Using benchmarked density (~1.2KB/op total):

- 5,000,000 ops: ~6GB
- 10,000,000 ops: ~12GB

Always keep extra headroom for compaction, checkpoints, and operational buffers.

### Example `config.default.yaml`

See [`config.default.yaml`](./config.default.yaml). All supported config keys:

- `mode`
- `data_dir`
- `plc_source`
- `verify`
- `zstd_level`
- `block_size_mb`
- `checkpoint_interval`
- `commit_batch_size`
- `verify_workers`
- `export_page_size`
- `replay_trace`
- `thin_cache_ttl`
- `thin_cache_max_entries`
- `listen_addr`
- `mirror_private_key_path`
- `poll_interval`
- `request_timeout`
- `http_retry_max_attempts`
- `http_retry_base_delay`
- `http_retry_max_delay`
- `rate_limit.resolve_rps`
- `rate_limit.resolve_burst`
- `rate_limit.proof_rps`
- `rate_limit.proof_burst`

Config files are optional. If `--config` points to a missing file, Plutia falls back to internal defaults and then applies any `PLUTIA_*` environment overrides.
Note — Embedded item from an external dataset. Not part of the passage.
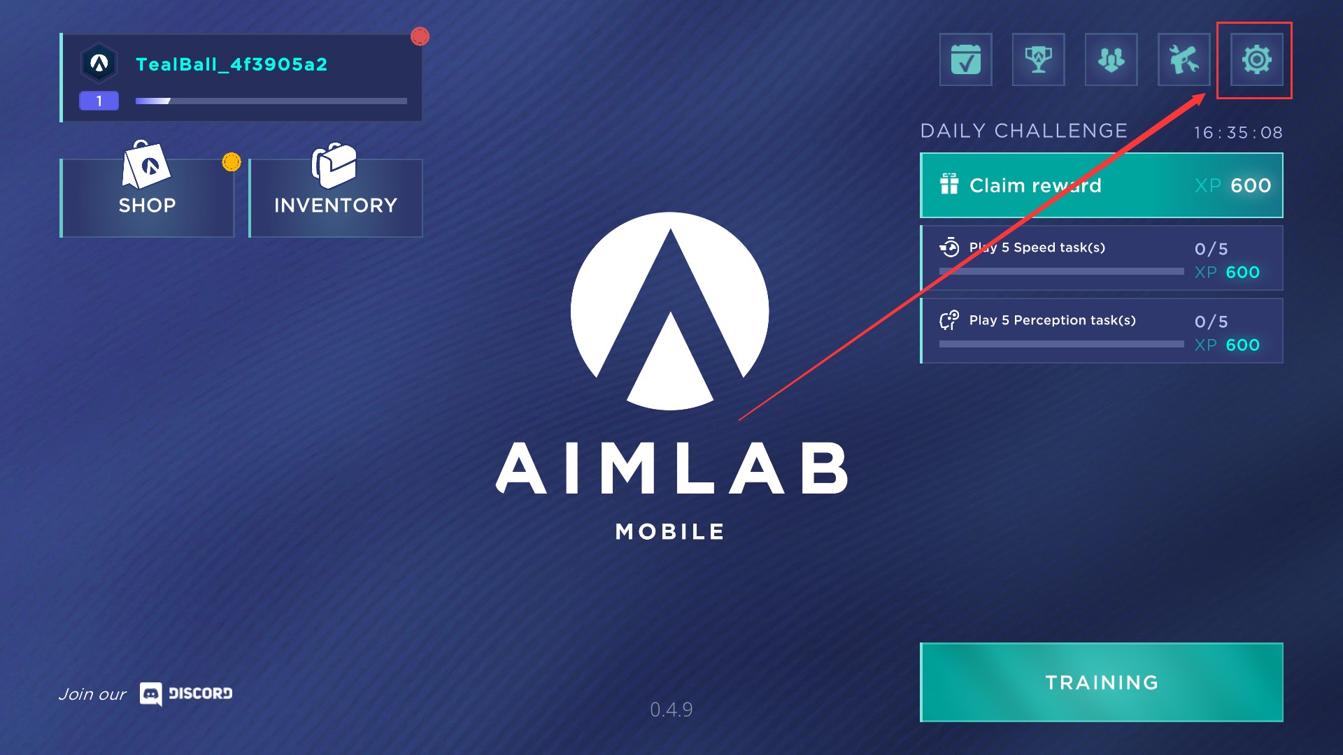 3、过完新手教程后点击右上角设置按钮进入设置

### Example `docker-compose.yaml`

```yaml
services:
  plutia:
    image: ghcr.io/fuwn/plutia:0.1.0
    command: ["plutia", "serve", "--config=/etc/plutia/config.yaml"]
    ports:
      - "8080:8080"
    volumes:
      - ./config.default.yaml:/etc/plutia/config.yaml:ro
      - ./data:/var/lib/plutia
    restart: unless-stopped
```

### Upgrade and Backup Guidance

- Stop the process cleanly (`SIGTERM`) to flush pending writes.
- Back up `data/index`, `data/ops`, and `data/checkpoints` together.
- Keep the same `mode` per data directory across restarts.
- Upgrade binaries first in staging, then production using the same on-disk data.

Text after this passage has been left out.